Did the Jews Need Permission to Execute Christ?

Q: Why did the Jews need the Roman’s permission to put Christ to death when in other parts of the Bible there are examples of them trying to stone Jesus to death?

A: Rabbinical sources record that forty years prior to the destruction of the Temple in A.D. 70, the Romans forbade the Jewish authorities to administer the death penalty. This means it was taken away around A.D. 30, and so must have been taken away shortly before the Crucifixion.

The reason the Sanhedrin (the Jewish governing body that sentenced Jesus to death) had to go to the Romans, which the mobs that tried to stone him did not do, is that the Sanhedrin was a formal court, located in Jerusalem, while the mobs were loose collections of people trying to dispense vigilante justice.

Lynch mobs do not care too much about the formal legal requirements concerning the administration of the death penalty.

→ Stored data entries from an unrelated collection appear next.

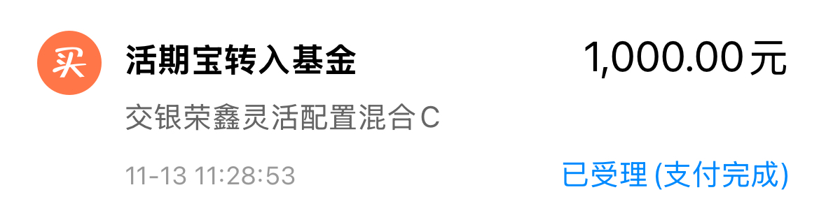 我加1000元 $交银荣鑫灵活配置混合C(OTCFUND|019514)$
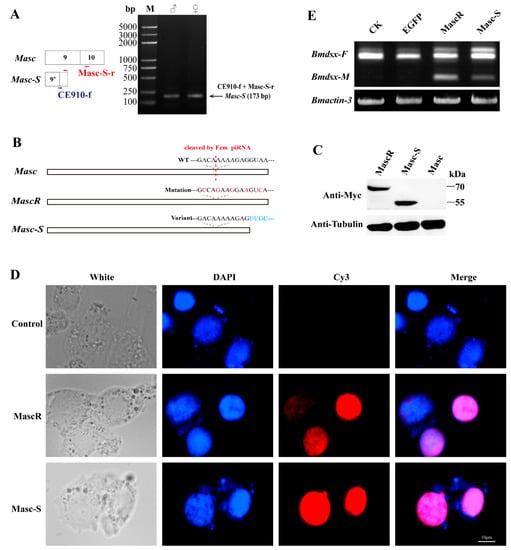 The lacking region of Masc-S was close to the Fem piRNA cleavage site, possibly affecting the cleaving event. To verify the above analysis, we designed specific primers to amplify Masc-S specifically in each sex of the silkworm. RT-PCR showed that Masc-S was expressed in the ovary and testis of the silkworm (Figure 2A). Moreover, we constructed the recombinant vector pSL1180-Myc-Masc-S, which can be over-expressed in silkworm cell lines. Similarly, the recombinant vectors, pSL1180-Myc-Masc (wild type) and pSL1180-Myc-MascR (the mutant Fem piRNA cleavage site) were constructed (Figure 2B). All the above recombinant proteins were labeled with Myc tags and expressed in silkworm female-specific ovary cells BmN (containing W chromosome with Fem piRNA). Western blot was applied to detect the expression of the target protein using the anti-Myc-tag antibody, and there was no Masc protein expression in the silkworm ovary cell line. Conversely, expression of MascR and Masc-S showed protein hybridization signals located at 70 kDa and 55 kDa, respectively (Figure 2C). The results indicated that Masc, due to its piRNA binding cleavage site, could not form a protein in BmN, but the splicing variant Masc-S could resist the cleaving of Fem piRNA in the female-specific cells, resulting in a truncated protein. Furthermore, immunofluorescence analysis showed that the Masc-S protein was present in the nucleus, but not in the cytoplasm (Figure 2D), which cellular location is the same as the full-length MascR protein. Furthermore, we checked sex-specific alternative splicing of Bmdsx. Results showed that male-specific splice type (Bmdsx-M) of Bmdsx was induced when Masc-S was over-expressed in BmN, and that expression level of Bmdsx-M induced by Masc-S is less than that by MascR. These results indicated Masc-S retained partial masculinizing activity (Figure 2E).
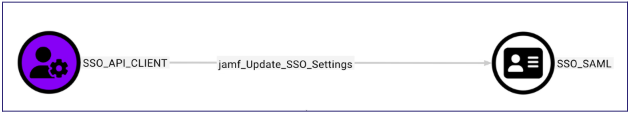 This edge represents a principal that is not a full access administrator but still possesses privileges to update the JAMF Pro tenants’ SSO settings. When a JAMF Pro account, group, or API client role possesses the “Update SSO Settings” privilege, this allows that entity to both enable and configure an IDP provider for authentication to a JAMF Pro tenant. Using API calls or the graphical console can accomplish this.
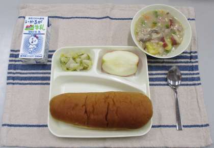 今日の献立は、黒糖パン・牛乳・鶏肉とさつまいものシチュー・はくさいのピクルス・りんごです。
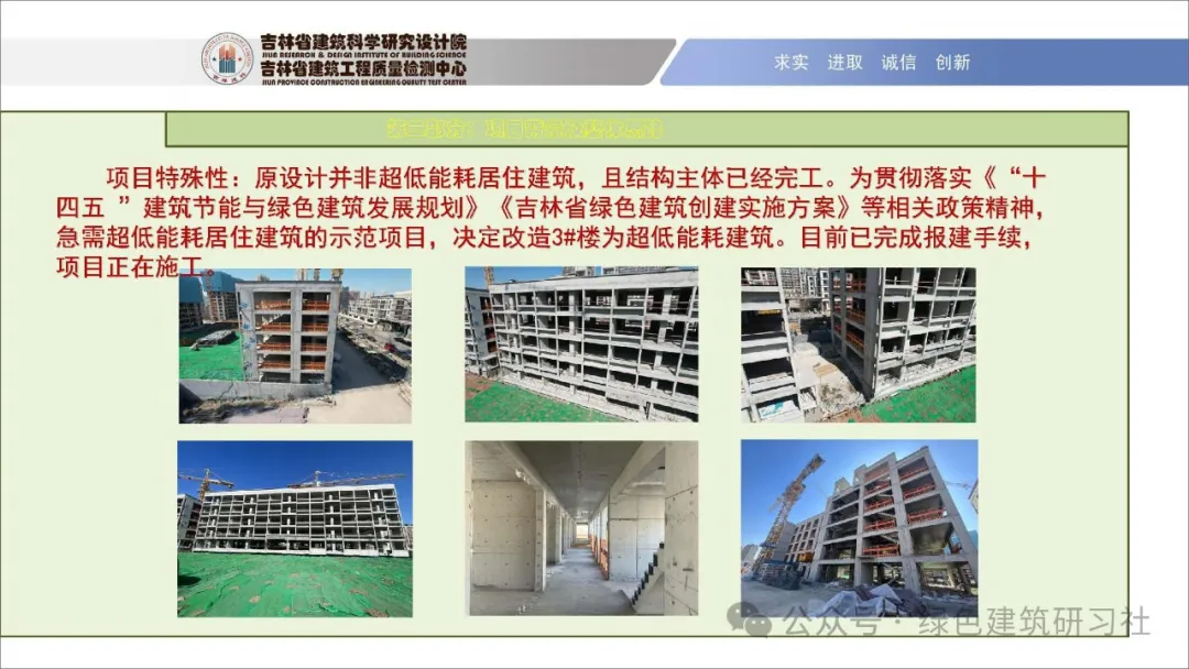 原設(shè)計(jì)并非超低能耗居住建筑,且結(jié)構(gòu)主體已經(jīng)完工。為貫徹落實(shí)《“十四五 ”建筑節(jié)能與綠色建筑發(fā)展規(guī)劃》、《吉林省綠色建筑創(chuàng)建實(shí)施方案》等相關(guān)政策精神,急需超低能耗居住建筑的示范項(xiàng)目,決定改造3#樓為超低能耗建筑。目前已完成報(bào)建手續(xù),項(xiàng)目正在施工。以下為楊恩亮先生演講PPT全文:

If they did, they wouldn’t be lynch mobs.

Today in Israel, if you are alone in the country and run afoul of a local mob (be it Israeli, Arab, or whatever) you may get stoned (ultra-orthodox Jews are known for sometimes stoning cars that drive on the sabbath, and my friend Fr. Mitchel Pacwa was briefly stoned by an rural mob until an Arab travelling companion put a stop to it), but if you are being tried by a court in a big Israeli city, like Jerusalem, you will get very different treatment and have a much better chance of getting your legal rights honored.